Capsule is a packaging and deployment tool for JVM applications. A capsule is a single executable JAR that contains everything your application needs to run either in the form of embedded files or as declarative metadata. It can contain your JAR artifacts, your dependencies and resources, native libraries, the require JRE version, the JVM flags required to run the application well, Java or native agents and more. In short, a capsule is a self-contained JAR that knows everything there is to know about how to run your application the way it's meant to run.
One way of thinking about a capsule is as a fat JAR on steroids (that also allows native libraries and never interferes with your dependencies) and a declarative startup script rolled into one; another, is to see it is as the deploy-time counterpart to your build tool. Just as a build tool manages your build, Capsule manages the launching of your application.
But while plain capsules are cool and let you ship any JVM application -- no matter how complex -- as a single executable JAR, caplets make capsules even more powerful.
Discuss Capsule on the capsule-user Google Group/Mailing List
or:
co.paralleluniverse:capsule:1.0.3
or:
Clone the repository and
gradle install
Copyright (c) 2014-2016, Parallel Universe Software Co. and Contributors. All rights reserved.
This program and the accompanying materials are licensed under the terms
of the Eclipse Public License v1.0 as published by the Eclipse Foundation.
http://www.eclipse.org/legal/epl-v10.html
As Capsule does not link in any way with any of the code bundled in the JAR file, and simply treats it as raw data, Capsule is no different from a self-extracting ZIP file (especially as manually unzipping and examining the JAR's contents is extremely easy). Capsule's own license, therefore, does not interfere with the licensing of the bundled software.

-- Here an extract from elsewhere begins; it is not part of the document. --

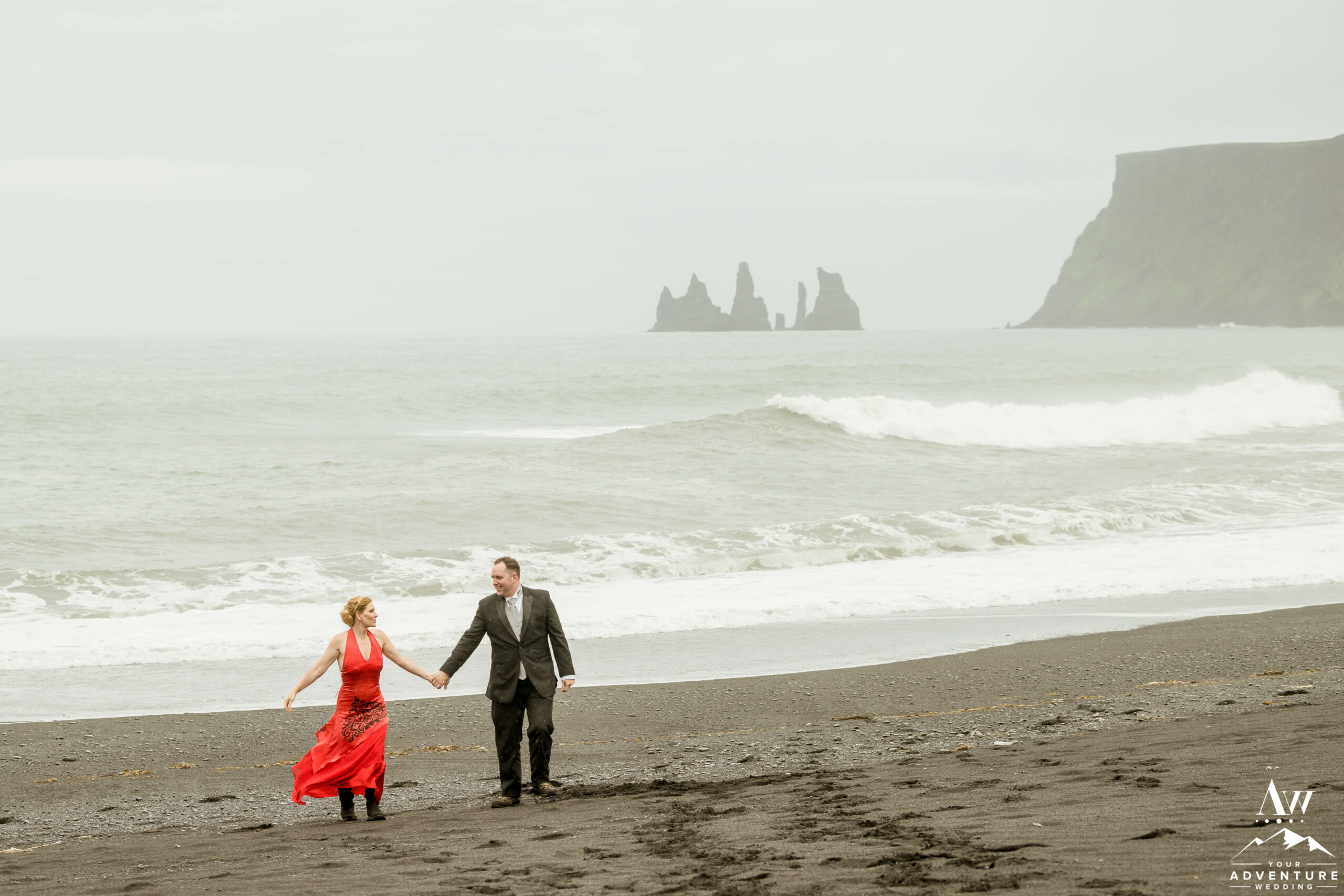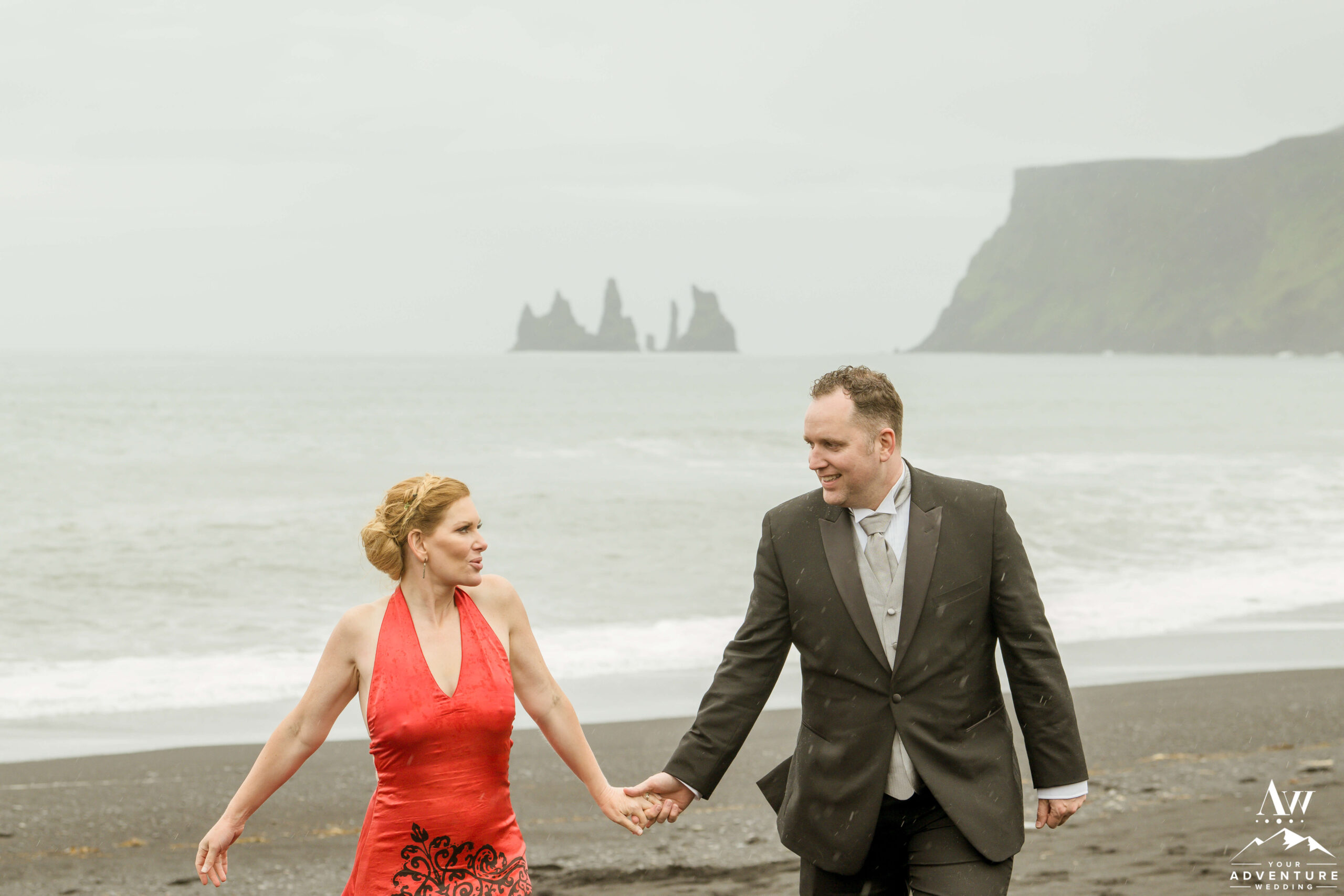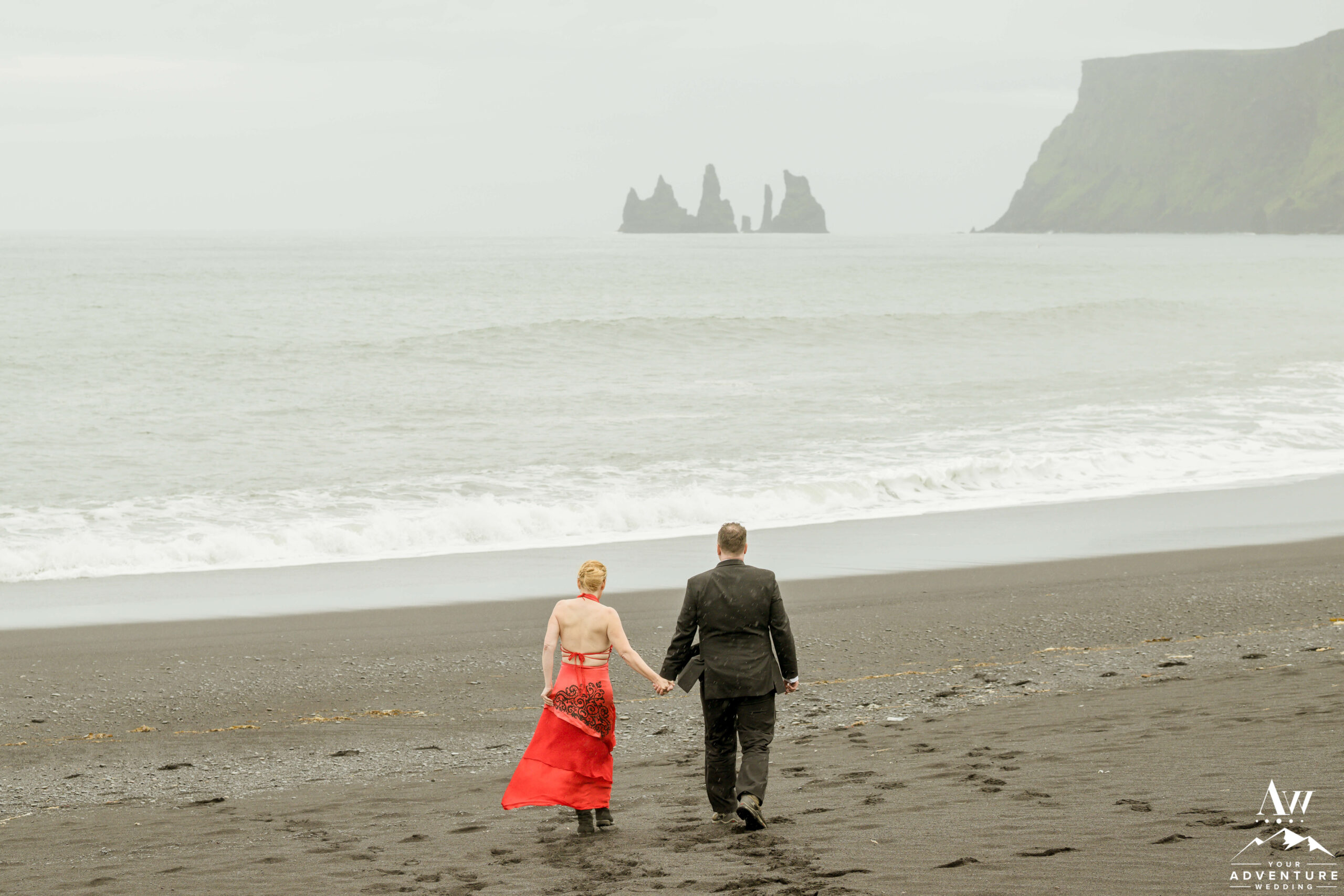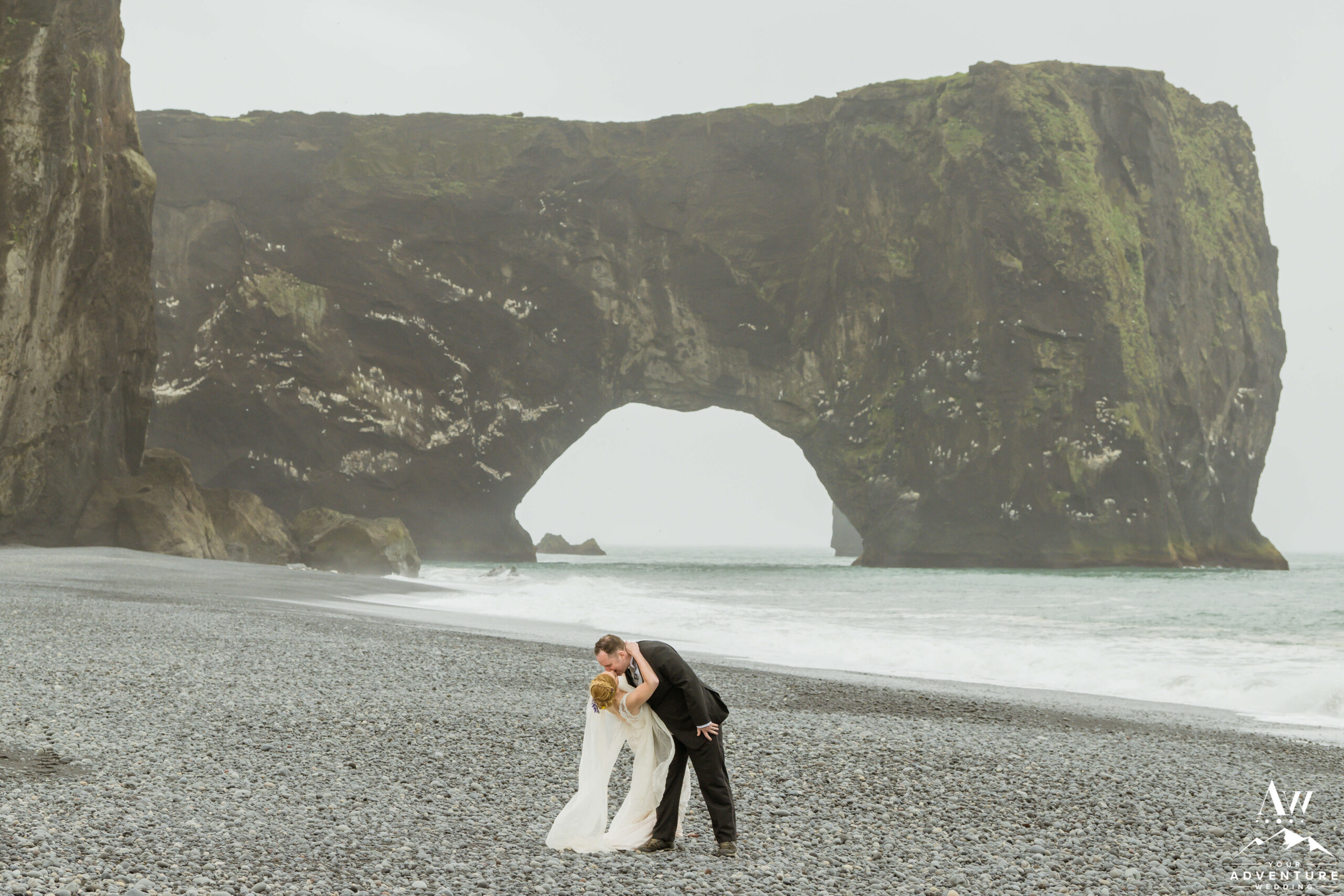 After their waterfall wedding vows the group journey to the private side of Dyrhólaey Black Sand Beach. Here waves crashed dramatically against a towering sea arch. For example, the contrast of dark volcanic sands and the bride’s flowing dress created cinematic moments at every turn, truly! 100% sure this location is perfect for couples who want both natural drama and serene romance in their Iceland wedding photos!

In particular, even though Capsule's license is incompatible with the GPL/LGPL, it is permitted to distribute GPL programs packaged as capsules, as Capsule is simply a packaging medium and an activation script, and does not restrict access to the packaged GPL code. Capsule does not add any capability to, nor removes any from the bundled application. It therefore falls under the definition of an "aggregate" in the GPL's terminology.